Finding the equation of a plane that passes through two points and is parallel to a line [Linear Algebra]

Question

Find the algebraic equation of the plane that passes through the origin, is parallel to the line X = (-1, 0, 2) +t(2,-1,1), and contains the point (1,2,3).

I suspect you can do this with a cross-product, but our professor isn't letting us use that as he hasn't taught it to us yet. Is there a way to get another point on the plane from the parallel line, so you can make a system of equations to solve for an orthogonal vector?

Answer 1

The equation of a plane is usually of the form $ax+by+cz+d=0$. If the origin lies in the plane (as it does in the question), then $d=0$ and one may write the equation as $\langle (a,b,c),(x,y,z)\rangle=0$.

Now, we know $(1,2,3)$ lies in the plane. Moreover, for all $t\in \mathbb{R}$, $t\cdot(2,-1,1)$ also lies in the plane. Hence, $(a,b,c)$ must satisfy

$$a+2b+3c=0\\2a-b+c=0$$

You probably see this is a system of two equations with $3$ unknowns, so the solution is not unique. That's okay, because for any $\alpha \in \mathbb{R}\setminus\{0\}$ the equations $ax+by+cz=0$ and $\alpha\cdot(ax+by+cz)=0$ are the same.

Answer 2

Follow these steps:

1. The origin $\boldsymbol{r}_0$ and the point $ \boldsymbol{r}_A $ define a line that belongs to the plane. This line has direction $(\boldsymbol{r}_A - \boldsymbol{r}_0)$. The normal to the plane must be perpendicular to all the vectors on this plane.

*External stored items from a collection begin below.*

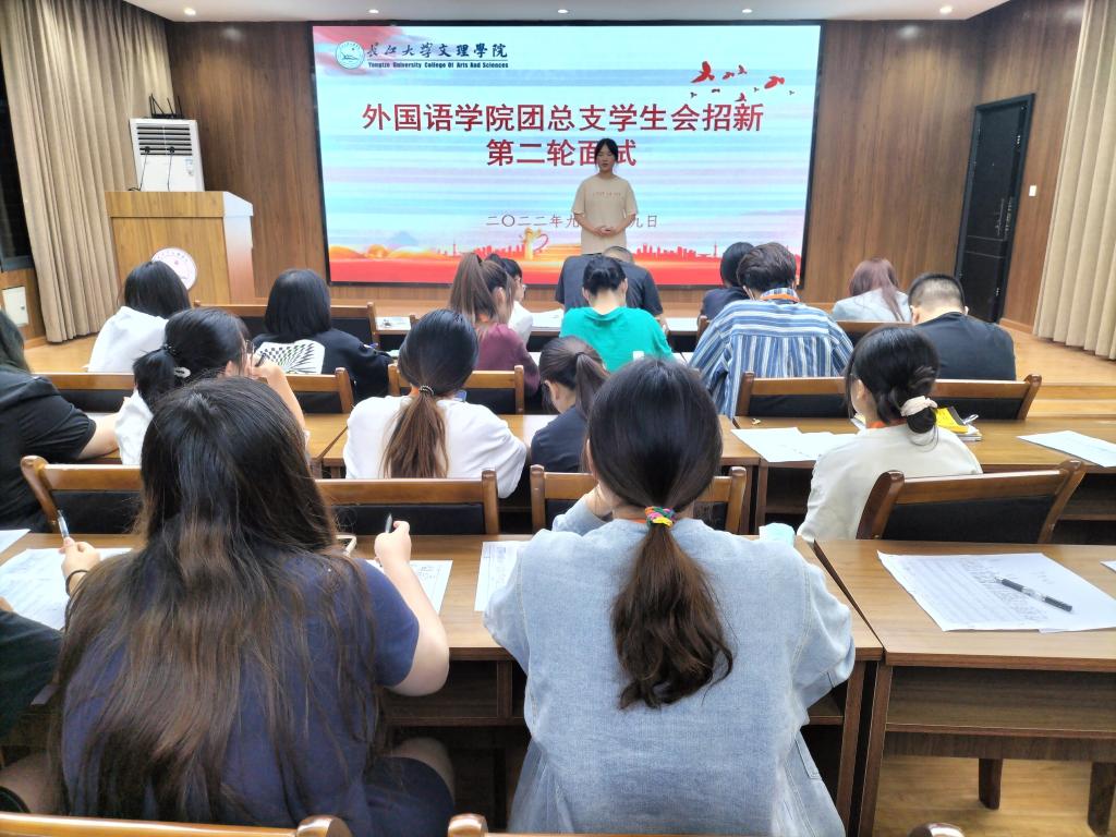 (通讯员 杨吉)9月29日晚六点半,beat365官网中文版本团总支员工会于三教408举行第二轮招新面试。外国语公司党总支副书记刘鋆锋,辅导员雷昕、钟燚、王聪聪以及员工会全体成员参加。
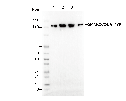 SMARCC2/BAF170 Antibody [J7C24] recognizes endogenous levels of total SMARCC2/BAF170 protein.
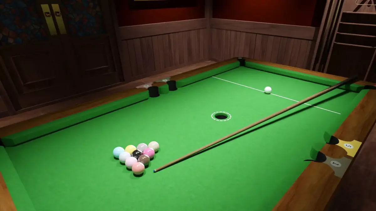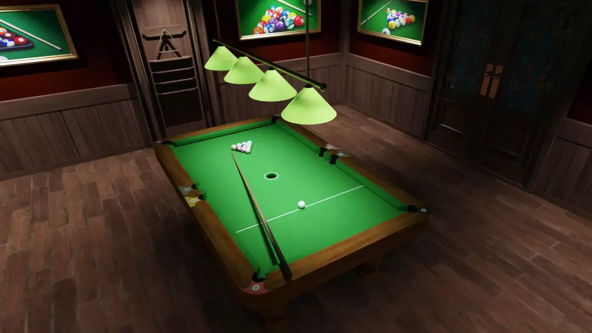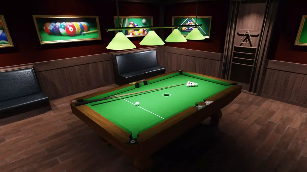 This environment includes a detailed pool table setup with a fully designed interior space featuring wooden walls, decorative props, lighting fixtures, and optimized assets ready for real-time engines.
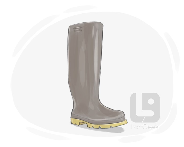a waterproof, typically rubber boot worn to protect the feet from getting wet in rainy or wet conditions
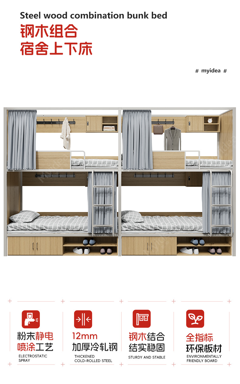 이층 침대, 학생용 아파트 침대, 높낮이가 다른 침대, 상하 폭이 동일한 철제 침대, 더블 침대, 두꺼운 강철 및 목재 침대, 견고한 침대
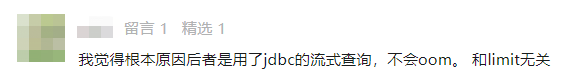 针对MySQL,JDBC驱动不支持像Oracle中使用的fetchSize缓冲区,但是如果设置PreparedStatement的setFetchSize为Integer.MIN_VALUE,或者使用方法Statement.enableStreamingResults(),就可以实现流式查询,即执行ResultSet.next()方法时,会通过数据库连接一条一条的返回,不会大量占用客户端的内存,导致OOM。

2. Define the normal $\boldsymbol{n}$ as the vector that is perpendicular to the line $X$ and the line from the previous step.

$$ \boldsymbol{n} = \boldsymbol{e} \times (\boldsymbol{r}_A - \boldsymbol{r}_0) $$

_{Here $\boldsymbol{e}$ is the direction vector of line $X$. Note that a simplified scalar multiple of $\boldsymbol{n}$ would do just fine.}

3. Find the distance $d$ of the plane to the origin. Use the equation of the plane $ \boldsymbol{n} \cdot \boldsymbol{r} = d$ that must be true for all points on the plane. Since the origin is one of the points, it stands to reason that $$ d = \boldsymbol{n} \cdot \boldsymbol{r}_0 = 0 $$

4. The equation of the plane is thus found by $$ \boldsymbol{n} \cdot \pmatrix{x\\y\\z} = 0 $$

_{Here $\cdot$ is the vector dot product, and $\times$ the vector cross product.}

Answer 3

There are many different ways to solve this problem without cross product. The more straight could posssibly be the following.

Let's call $P=(1,2,3)$.

1) find the pencil of planes containg $O,P$
To do this, we just have to find two planes, not parallel to each other, and passing through those points. We can take for instance a plane parallel to the $z$ axis and passing through the projections of the points on $x,y$ plane: $\pi_1\; :\; 2x-y=0$ . Same way, a plane parallel to $y$ axis: $ \pi_2 \; : \; 3x-z=0$.
So the pencil is $0=\mu \pi_1 + \lambda \pi_2=(2\mu +3\lambda) x -\mu y - \lambda z$.

2)find a plane in the pencil, parallel to the given line
Just take two points on the line, the vector defined by the corresponding segment (in your case it is already given)and impose that it be normal to the normal of the pencil. You get a simple homogeneous equation in $\mu,\lambda$. That is $$ \eqalign{ & 2\left( {2\mu + 3\lambda } \right) - ( - 1)\mu - \lambda = 5\mu + 5\lambda = 0\quad \Rightarrow \cr & \Rightarrow \quad \mu = - \lambda \quad \Rightarrow \quad \left\{ \matrix{ \mu = 1 \hfill \cr \lambda = - 1 \hfill \cr} \right. \cr} $$

Therefore the required plane is $$ \pi :\quad - x - y + z = 0 $$ which in fact contains $(0,0,0)$ and $(1,2,3)$ and is parallel to the line because $(2,-1,1) \cdot (-1,-1,1)=0$.
This indicates another way to solve the problem, i.e. the system $$ ax + by + cz = d\;:\quad \left( {\matrix{ 0 & 0 & 0 \cr 1 & 2 & 3 \cr 2 & { - 1} & 1 \cr } } \right)\left( {\matrix{ a \cr b \cr c \cr } } \right) = \left( {\matrix{ d \cr d \cr 0 \cr } } \right) $$